In order to handle the medical malpractice claims, the government has planned to build resources to meet the high costs of the claims made against the NHS. The NHS Litigation Authority (NHSLA) was build to contend the cases on behalf of the Secretary of State. The NHSLA (National Health Service Litigation Authority) did not handle the suits against the general physicians and the primary care doctors but these medical professionals were defended by numerous medical defense enterprises. However, recognizing the skyrocketing costs of the medical malpractice claims, the UK Department of Health is seeking to mend the flaws in the existing law system. The health department of the UK government published a paper titled “Making Amends – Clinical Negligence Reform” emphasizing the necessity of clinical negligence prevention. The paper advised to introduce programs lowering risks, forbidding harms and encouraging best practice rather therapeutic cure through damages.
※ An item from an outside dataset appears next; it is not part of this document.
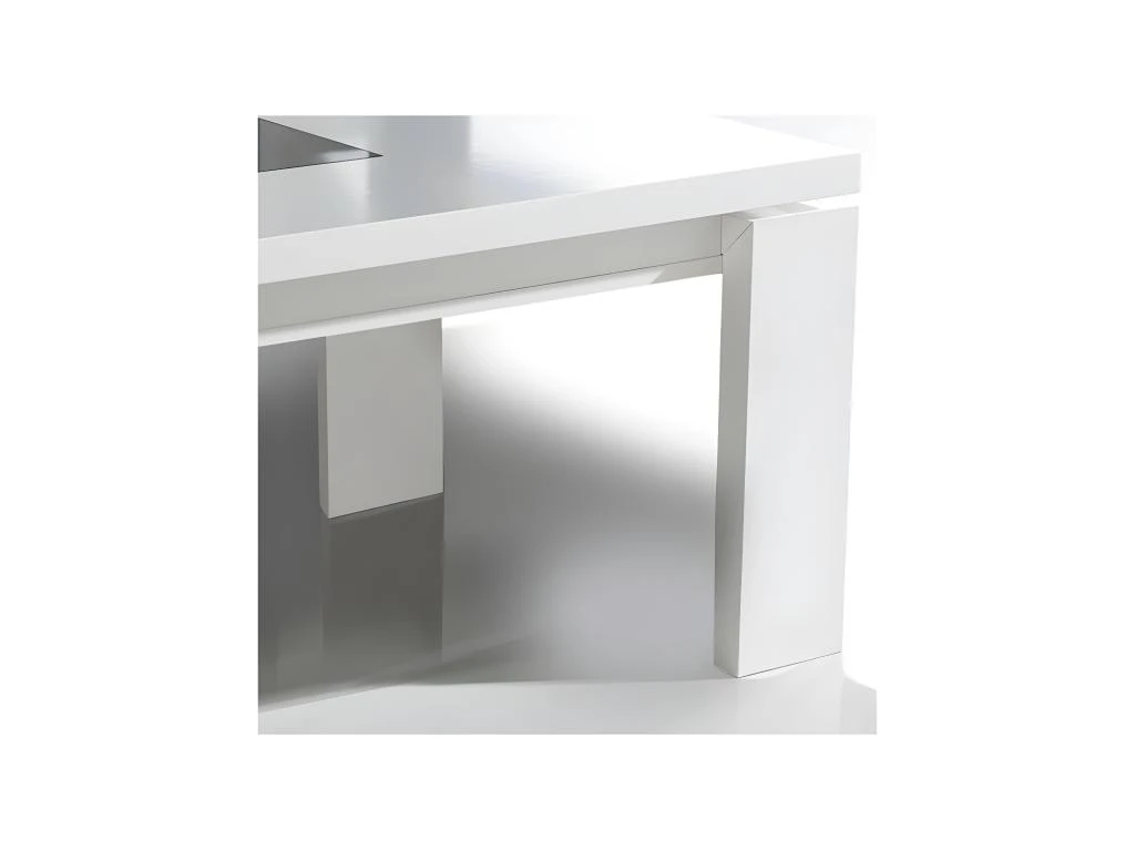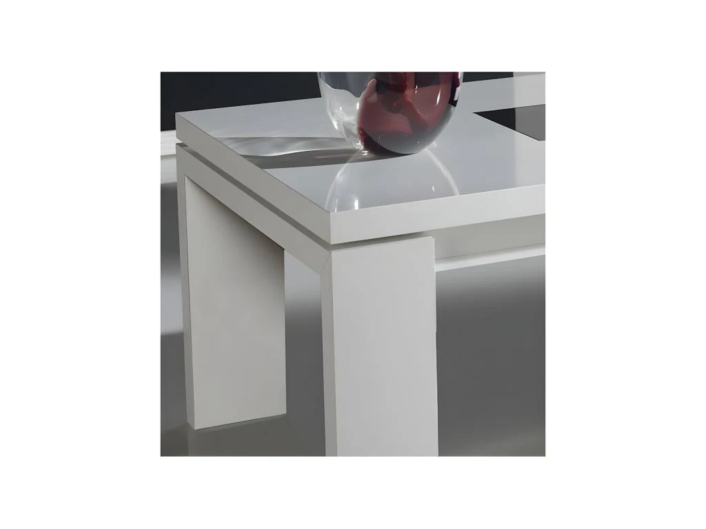 Cette table de salon au design moderne dispose d’une finition laquée blanche avec motif en verre noir. Les lignes aériennes et épurées de cette table lui donnent un style moderne.

The Department of Health released another paper titled “Trust, Assurance and Safety – the Regulation of Health Professionals in the 21st century” which states that the doctors, psychologists and psychotherapists should be assessed by the Health Professions Council (HPC). The HPC already governs 175,000 medical practitioners from thirteen occupations like chiropodists, paramedics, dietitians and physiotherapists. According to the Marc Seale, the chief executive of the HPC, the recommendation made by the ‘Trust, Assurance and Safety-The Regulation of Health Professionals in the 21st century’ is good for both the medical professionals and the patients.

The HPC claimed that these days the claimants filing clinical negligence claims must produce proper documents and papers evidencing their claims. The court will evaluate the documents and decide whether to grant the compensation or not. However, not all losses are recoverable. The court will only grant compensation for the damages that are distinctly foreseeable.